Mike Kinsley is a brilliant and genuinely nice man. But he’s also deeply partisan. I can’t see any other reason for the obtuseness of his latest column. Herewith a brief fisking of its opener (Kinsley’s prose is in italics. Mine isn’t.):
How has an attack on the United States by a terrorist group based in Afghanistan led us to war against Iraq?
9/11 revealed how vulnerable the United States is to international Islamist terrorism. It revealed the absolute ruthlessness of the enemy. It also revealed the possibility of a nightmare chemical, biological or nuclear 9/11. For twelve years, the United States and others have been trying to get Saddam Hussein to get rid of his weapons of mass destruction. 9/11 made resolving that issue far more urgent, since there was a clear possibility that Saddam could deliver such weapons to some of his terrorist clients. So we decided to get serious about Saddam. How hard is that argument to grasp? The linkage was there from the very beginning. Yours truly even mentioned Iraq as a state sponsor of such terror the very week of September 11.
Why are nuclear weapons in Iraq worth a war but not nuclear weapons in North Korea?
Because Saddam doesn’t have them yet but Kim Jong Il does. When the enemy has the capacity to create nuclear Armageddon, it obviously raises the risks of military intervention. Again: I’d have thought for a person of Kinsley’s intellect, that rather elementary point would be a no-brainer.
For most skeptics about Gulf War II (including me), the Bush administration’s failure to answer these two questions sincerely or even plausibly, let alone convincingly, is central to our doubts.
Why, pray, is worrying about the risk of WMDs in the hands of terrorists obviously insincere or implausible? Why is believing that Saddam be disarmed not just unconvincing but implausible? This was Clinton’s policy. The Security Council affirmed it 15 – 0 not so long ago. Was the entire U.N. insincere? You could, of course, find these arguments unconvincing. You could believe Saddam has no WMDs. You could believe that he has them but won’t ever use them again, although he has in the past. You could argue that he has no links to international terrorism (against the mass of evidence available). But Kinsley’s not interested in those arguments. He’s interested in simply asserting that the president is a bad liar (that’s the more direct way of saying he hasn’t answered obvious questions about Iraq “sincerely or even plausibly”). That’s not an argument. It’s a cheap partisan shot.
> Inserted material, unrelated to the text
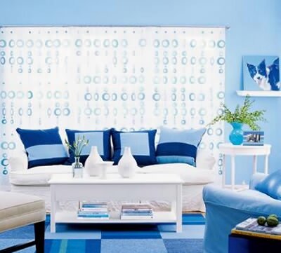 概要: 炎熱的夏天,家里的紅色、橙色只會讓你覺得更熱、更煩躁,把客廳粉刷上天藍色,再精心搭配不同的配飾,你的房間會立刻清涼變身?! ?、藍色+藍色冰爽一夏 還有什么顏色比藍色更適合于在夏天使用。多增添點藍色吧。深淺不一的青綠色、深藍色、青玉色、水綠色,加之大膽的幾何圖案,這間客廳呈現出清爽的氛圍。

This isn’t entirely reasonable. The battle could be worth joining even though George W. is unable to explain why.
Oh, please. The president has been plenty able to explain why; and plenty of people, including the prime minister of Great Britain, and a majority of Americans, agree with him. Why doesn’t Kinsley call Blair’s case insincere and implausible? It’s indistinguishable from Bush’s.
The 9/11 pretext may be phony without necessarily invalidating the whole exercise. As for Iraq versus North Korea, following the right policy in one place is better than following the wrong policy in both. There are worse things in this world than logical inconsistency. Furthermore, it is hard to dismiss the official reasons for this war as disingenuous without some theory about what the ulterior motive or unspoken war aim might be. George W. Bush is not taking the nation into war to avenge his father or as a “wag the dog” strategy to win re-election, as Bush’s more cynical opponents have charged. He deserves more credit than that. Nor is he planning to conquer and occupy Iraq in order to bring human rights to the Iraqi people or start a chain reaction of democracy throughout the Middle East, as he and his supporters have lately augmented the official war aims. He doesn’t deserve that much credit.
Funny, but from the beginning, the president has clearly and unmistakably portrayed this conflict as a battle between democracy and a new Islamist totalitarianism. And from the beginning – not “lately” – the president’s supporters have made pro-democracy arguments. Here, to take one example, is a quote that Kinsley didn’t hear – because presumably he wasn’t listening – from the president’s speech last June about the situation in Israel: “I have a hope for the people of Muslim countries … You have a rich culture, and you share the aspirations of men and women in every culture. Prosperity and freedom and dignity are not just American hopes, or Western hopes. They are universal, human hopes. And even in the violence and turmoil of the Middle East, America believes those hopes have the power to transform lives and nations.” So you see the president does indeed deserve some credit. And if he were a Democrat, Kinsley would not hesitate to give him some. As for the rest of Mike’s column – veering into Chomskyan territory about blood for oil – I leave its inconsistencies to the readers of Slate.